Eight infants conceived with genetic material from three individuals
In the realm of human reproduction, a groundbreaking technique known as mitochondrial donation is making waves. This innovative approach, which includes procedures like pronuclear transfer, offers a beacon of hope to families at risk of transmitting mitochondrial DNA diseases to their offspring [1][2][4].
One of the key advantages of these techniques is their potential to significantly reduce the risk of mitochondrial diseases in children. By replacing or reducing the pathogenic mitochondrial DNA, these techniques can offer a lifeline to families affected by these conditions [3][4].
However, the use of donor mitochondrial DNA raises ethical questions. The child born through this method technically has genetic material from three sources: the mother, father, and mitochondrial donor. This has sparked debates about the definition of genetic parenthood and the potential future implications for family dynamics and societal norms [3].
The development and refinement of mitochondrial donation techniques represent a significant advancement in reproductive technology, opening possibilities for treating conditions previously considered incurable [2][3]. In countries where it is allowed, such as the UK and Australia, its supporters argue that it could be a promising alternative for certain families [4].

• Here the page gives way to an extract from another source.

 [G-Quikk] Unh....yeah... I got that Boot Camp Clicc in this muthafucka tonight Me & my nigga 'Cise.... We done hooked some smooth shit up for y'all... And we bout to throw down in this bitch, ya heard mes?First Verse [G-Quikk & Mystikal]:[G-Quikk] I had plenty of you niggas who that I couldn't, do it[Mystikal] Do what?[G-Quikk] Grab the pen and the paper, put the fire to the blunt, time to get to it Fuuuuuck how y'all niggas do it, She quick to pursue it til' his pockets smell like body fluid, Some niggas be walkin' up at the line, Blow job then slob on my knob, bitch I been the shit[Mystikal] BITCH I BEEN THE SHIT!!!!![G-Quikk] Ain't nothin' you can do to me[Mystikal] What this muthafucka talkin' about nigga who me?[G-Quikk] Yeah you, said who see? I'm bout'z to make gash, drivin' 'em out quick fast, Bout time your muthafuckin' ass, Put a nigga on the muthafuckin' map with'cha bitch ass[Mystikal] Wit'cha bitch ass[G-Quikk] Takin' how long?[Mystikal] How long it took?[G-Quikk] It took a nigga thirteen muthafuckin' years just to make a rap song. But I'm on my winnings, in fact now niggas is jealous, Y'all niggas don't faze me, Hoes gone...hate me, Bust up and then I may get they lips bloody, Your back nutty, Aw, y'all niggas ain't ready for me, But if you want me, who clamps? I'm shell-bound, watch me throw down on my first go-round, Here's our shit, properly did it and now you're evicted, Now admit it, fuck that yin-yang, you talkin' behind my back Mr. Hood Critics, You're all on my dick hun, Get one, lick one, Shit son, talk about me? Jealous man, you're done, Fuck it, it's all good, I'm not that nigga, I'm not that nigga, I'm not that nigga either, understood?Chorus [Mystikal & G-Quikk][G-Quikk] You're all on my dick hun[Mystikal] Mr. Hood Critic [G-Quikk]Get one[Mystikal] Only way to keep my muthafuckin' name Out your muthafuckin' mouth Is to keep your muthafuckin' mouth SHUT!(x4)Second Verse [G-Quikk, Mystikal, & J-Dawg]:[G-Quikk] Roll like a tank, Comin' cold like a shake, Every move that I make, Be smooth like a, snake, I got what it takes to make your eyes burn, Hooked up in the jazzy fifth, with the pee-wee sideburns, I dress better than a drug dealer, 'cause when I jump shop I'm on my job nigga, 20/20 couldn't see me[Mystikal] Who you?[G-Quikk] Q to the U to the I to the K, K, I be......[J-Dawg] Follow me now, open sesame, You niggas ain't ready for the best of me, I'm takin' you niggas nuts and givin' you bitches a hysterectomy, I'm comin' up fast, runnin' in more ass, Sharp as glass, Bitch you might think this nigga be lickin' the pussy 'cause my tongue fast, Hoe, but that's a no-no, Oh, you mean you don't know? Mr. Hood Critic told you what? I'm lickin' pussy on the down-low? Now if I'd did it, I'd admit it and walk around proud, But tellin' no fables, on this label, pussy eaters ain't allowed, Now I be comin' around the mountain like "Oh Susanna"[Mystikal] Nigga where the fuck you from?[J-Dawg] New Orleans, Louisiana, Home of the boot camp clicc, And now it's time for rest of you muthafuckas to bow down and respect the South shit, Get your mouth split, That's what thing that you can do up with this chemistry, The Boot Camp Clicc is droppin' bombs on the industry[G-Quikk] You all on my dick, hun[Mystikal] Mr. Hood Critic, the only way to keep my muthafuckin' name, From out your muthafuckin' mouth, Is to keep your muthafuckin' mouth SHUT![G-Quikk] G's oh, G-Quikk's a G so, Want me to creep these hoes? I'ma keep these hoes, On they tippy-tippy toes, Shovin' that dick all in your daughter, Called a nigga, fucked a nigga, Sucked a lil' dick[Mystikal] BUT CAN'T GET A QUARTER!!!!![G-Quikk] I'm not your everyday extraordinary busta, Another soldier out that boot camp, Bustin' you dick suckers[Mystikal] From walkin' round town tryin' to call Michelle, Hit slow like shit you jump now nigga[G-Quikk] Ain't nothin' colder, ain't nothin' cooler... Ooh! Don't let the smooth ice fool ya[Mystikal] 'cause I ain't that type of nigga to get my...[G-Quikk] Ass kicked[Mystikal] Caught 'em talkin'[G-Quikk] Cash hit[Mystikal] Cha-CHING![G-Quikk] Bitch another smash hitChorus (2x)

In the UK, eight babies have been born using an experimental technique that involves DNA from three people to avoid passing on rare diseases. Remarkably, all these babies appear free of mitochondrial diseases [5]. It is worth noting that the amount of DNA from the donor is insignificant, representing less than 1% of the baby born through this technique [6].
To ensure the safety and ethical use of this method, all couples who wish to have a child born through mitochondrial donation in the UK must be approved by the country's fertility regulatory authority [7]. Tests during in vitro fertilization usually detect the presence of these mutations, but in rare cases, this is not clear [6].

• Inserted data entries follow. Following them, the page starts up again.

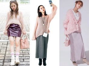【2】グレーのチェスターコート×黒ニット×ピンクミニスカート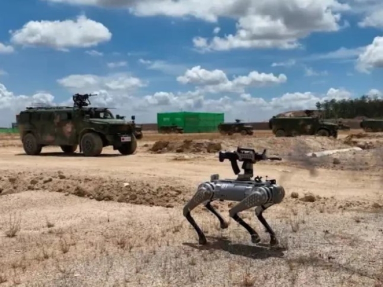 During recent military exercises with Cambodia, China's military showed off a robot dog with an automatic rifle affixed to its back.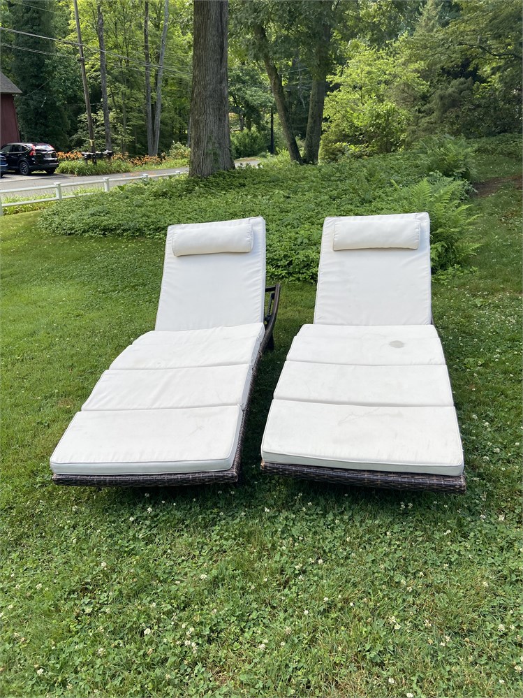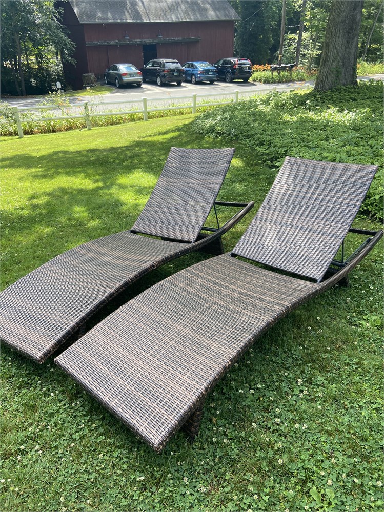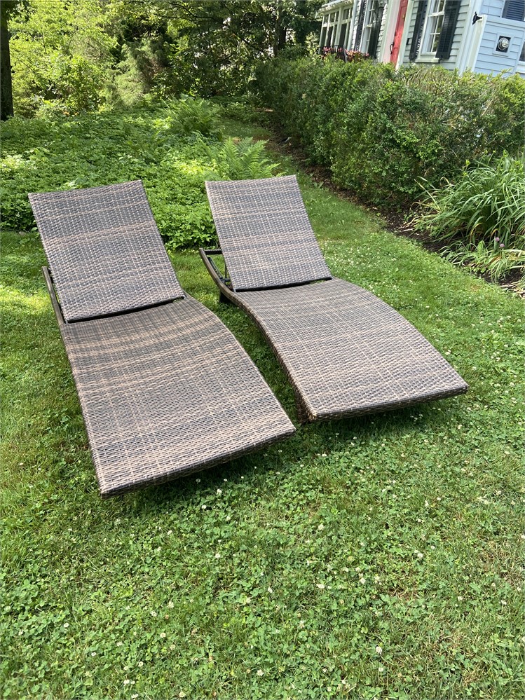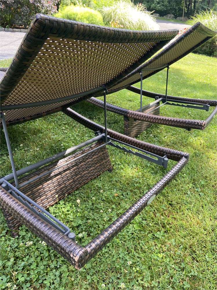 Matching pair of outdoor chaise lounge chairs with modern lines View Watchlist >

Looking ahead, future developments in mitochondrial donation will likely focus on refining techniques, expanding access, combining with other technologies, and addressing ethical concerns [1][4]. As the field continues to evolve, so too will our understanding of the implications and potential of this transformative technology.

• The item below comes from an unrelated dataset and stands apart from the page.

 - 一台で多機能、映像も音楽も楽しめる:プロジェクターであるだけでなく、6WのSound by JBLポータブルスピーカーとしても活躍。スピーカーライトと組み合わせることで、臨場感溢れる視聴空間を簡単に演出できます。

References: [1] Human Fertilisation and Embryology Authority. (2021). Mitochondrial donation. Retrieved from https://www.hfea.gov.uk/treatments/mitochondrial-donation/ [2] National Health Service. (2021). Mitochondrial donation. Retrieved from https://www.nhs.uk/conditions/fertility-treatments/mitochondrial-donation/ [3] International Society for Stem Cell Research. (2021). Mitochondrial donation. Retrieved from https://www.isscr.org/resources/mitochondrial-donation [4] European Society of Human Reproduction and Embryology. (2021). Mitochondrial donation. Retrieved from https://www.esther.org/guidelines/mitochondrial-donation/ [5] BBC News. (2017). First babies born using three-person IVF in the UK. Retrieved from https://www.bbc.com/news/health-40746411 [6] The Guardian. (2017). Mitochondrial donation: what is it and how does it work? Retrieved from https://www.theguardian.com/science/2017/aug/23/mitochondrial-donation-what-is-it-and-how-does-it-work [7] The Telegraph. (2016). First three-parent baby born in UK using controversial technique. Retrieved from https://www.telegraph.co.uk/news/2016/12/26/first-three-parent-baby-born-uk-using-controversial-technique/
- Science has made advancements in the field of health-and-wellness, as evidenced by the development of mitochondrial donation techniques, which aim to reduce the risk of mitochondrial diseases in children.
- The application of science in health-and-wellness continues to evolve, with ethical debates surrounding the use of donor mitochondrial DNA in the creation of new life, shifting the traditional understanding of genetic parenthood.